INSTRUCTIONS TO FOLLOW >> Please give back the lines from the line containing "SMSL PO100 PRO" through the end of the listing below, exactly as written and without pictures.

== RECORDS SHOWN

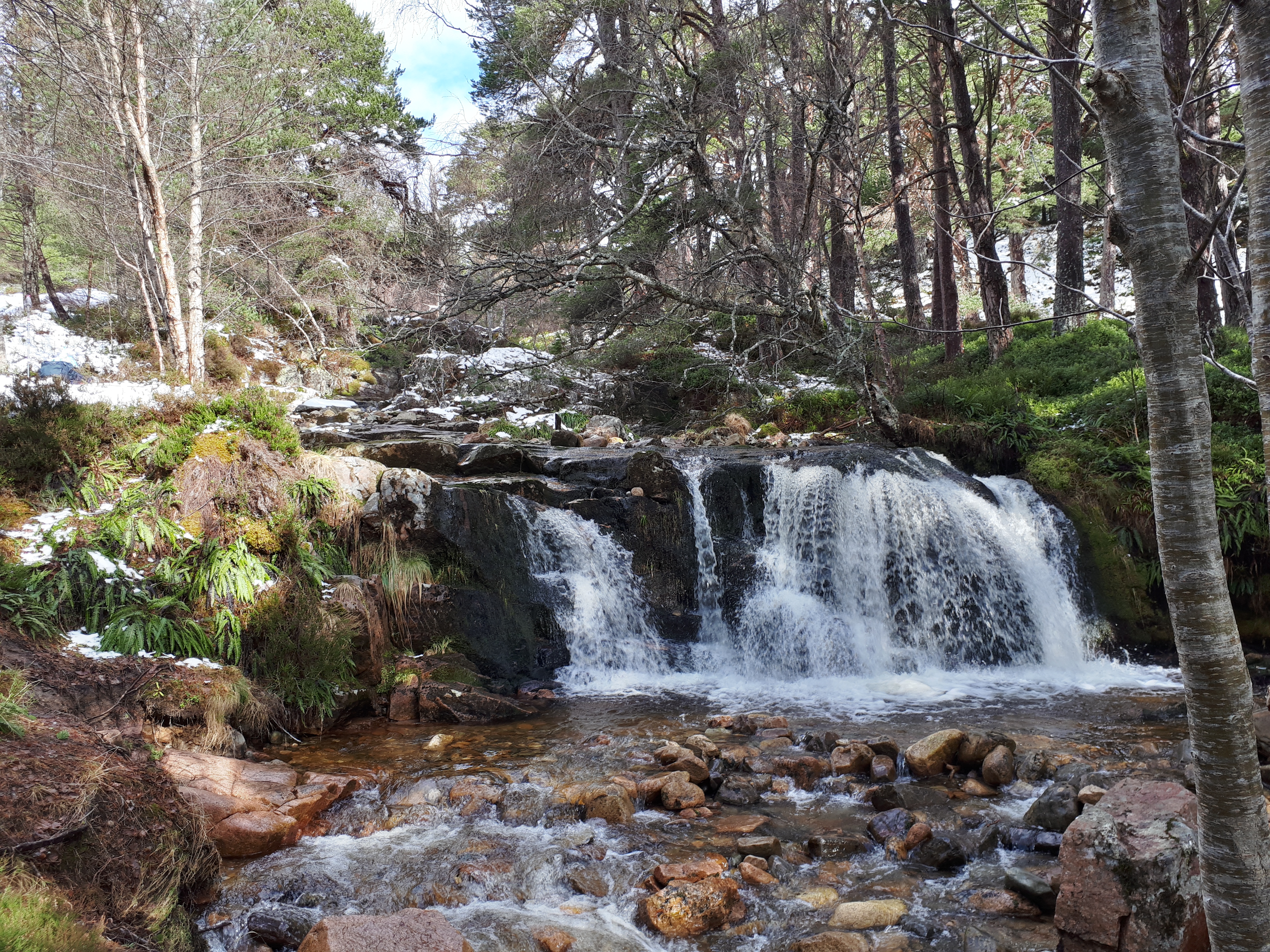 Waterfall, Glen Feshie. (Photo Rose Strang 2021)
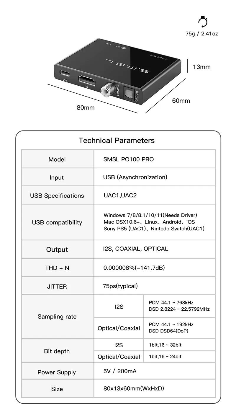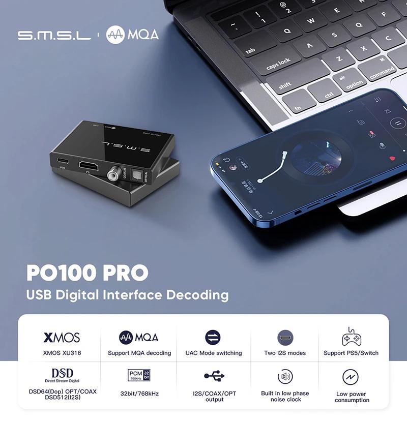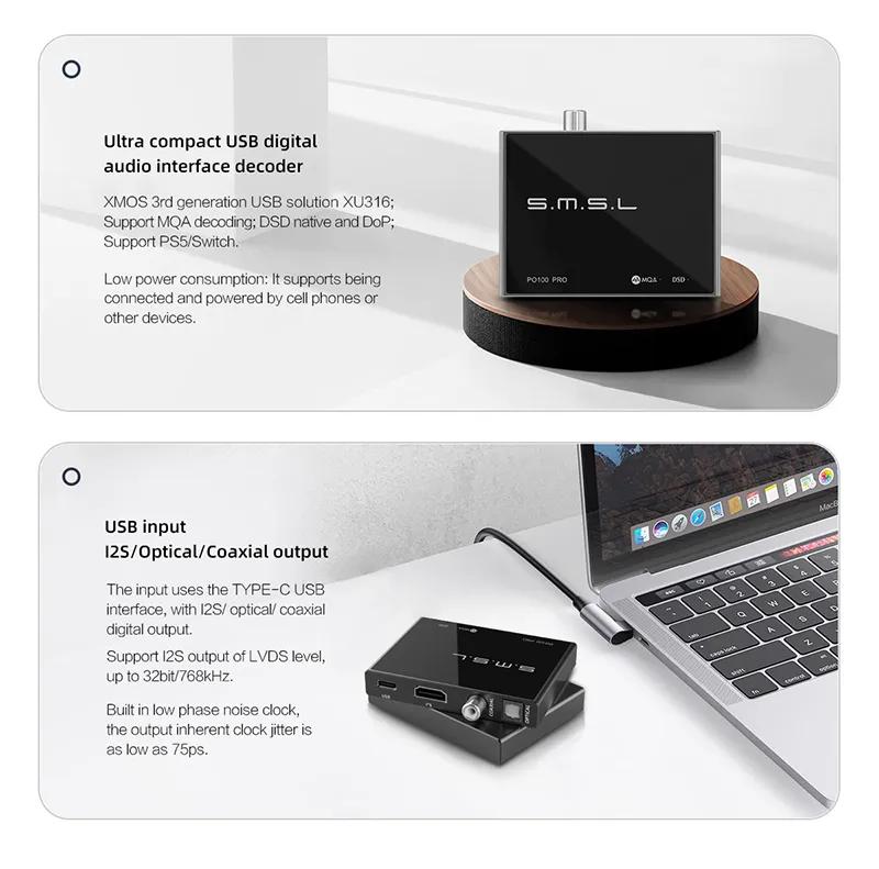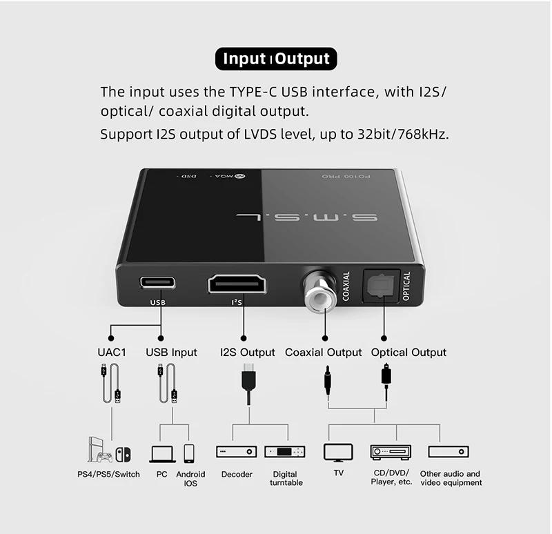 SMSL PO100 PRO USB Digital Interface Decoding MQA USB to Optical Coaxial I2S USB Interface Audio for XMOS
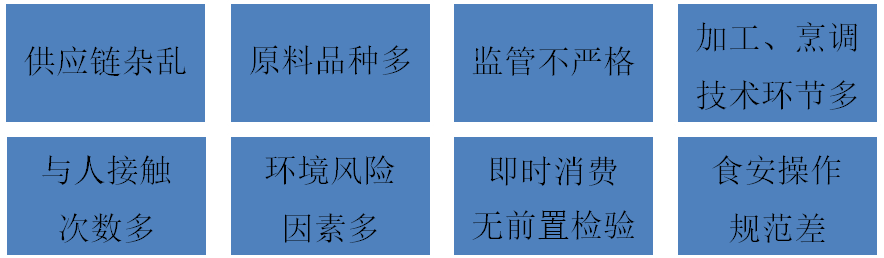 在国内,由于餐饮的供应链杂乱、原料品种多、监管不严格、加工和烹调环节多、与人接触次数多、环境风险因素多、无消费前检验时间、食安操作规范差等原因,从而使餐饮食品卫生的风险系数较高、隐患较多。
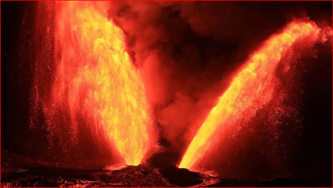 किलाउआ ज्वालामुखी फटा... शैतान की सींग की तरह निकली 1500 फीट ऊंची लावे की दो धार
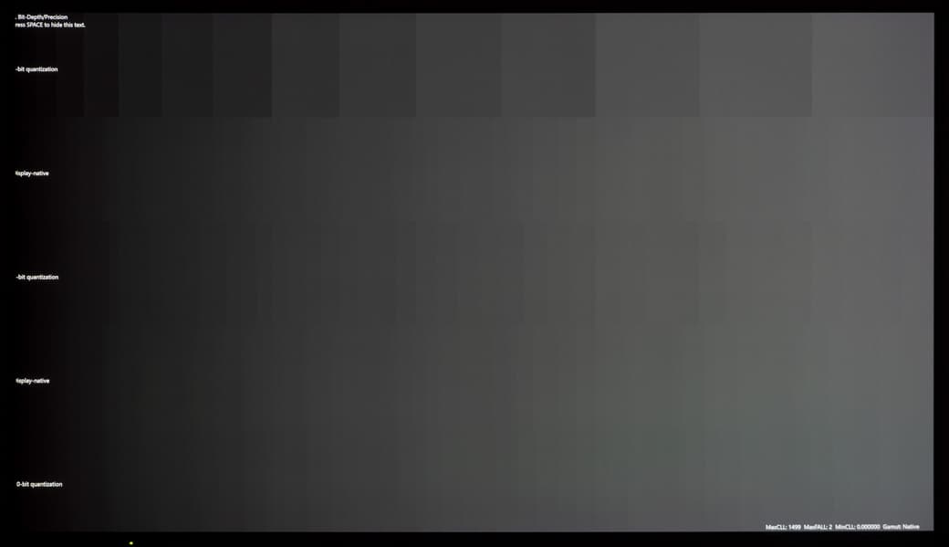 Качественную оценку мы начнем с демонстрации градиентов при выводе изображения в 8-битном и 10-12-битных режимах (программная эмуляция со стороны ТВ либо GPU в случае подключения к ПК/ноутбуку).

====

WRITTEN RESPONSE >>
 SMSL PO100 PRO USB Digital Interface Decoding MQA USB to Optical Coaxial I2S USB Interface Audio for XMOS
 在国内,由于餐饮的供应链杂乱、原料品种多、监管不严格、加工和烹调环节多、与人接触次数多、环境风险因素多、无消费前检验时间、食安操作规范差等原因,从而使餐饮食品卫生的风险系数较高、隐患较多。
 किलाउआ ज्वालामुखी फटा... शैतान की सींग की तरह निकली 1500 फीट ऊंची लावे की दो धार
 Качественную оценку мы начнем с демонстрации градиентов при выводе изображения в 8-битном и 10-12-битных режимах (программная эмуляция со стороны ТВ либо GPU в случае подключения к ПК/ноутбуку).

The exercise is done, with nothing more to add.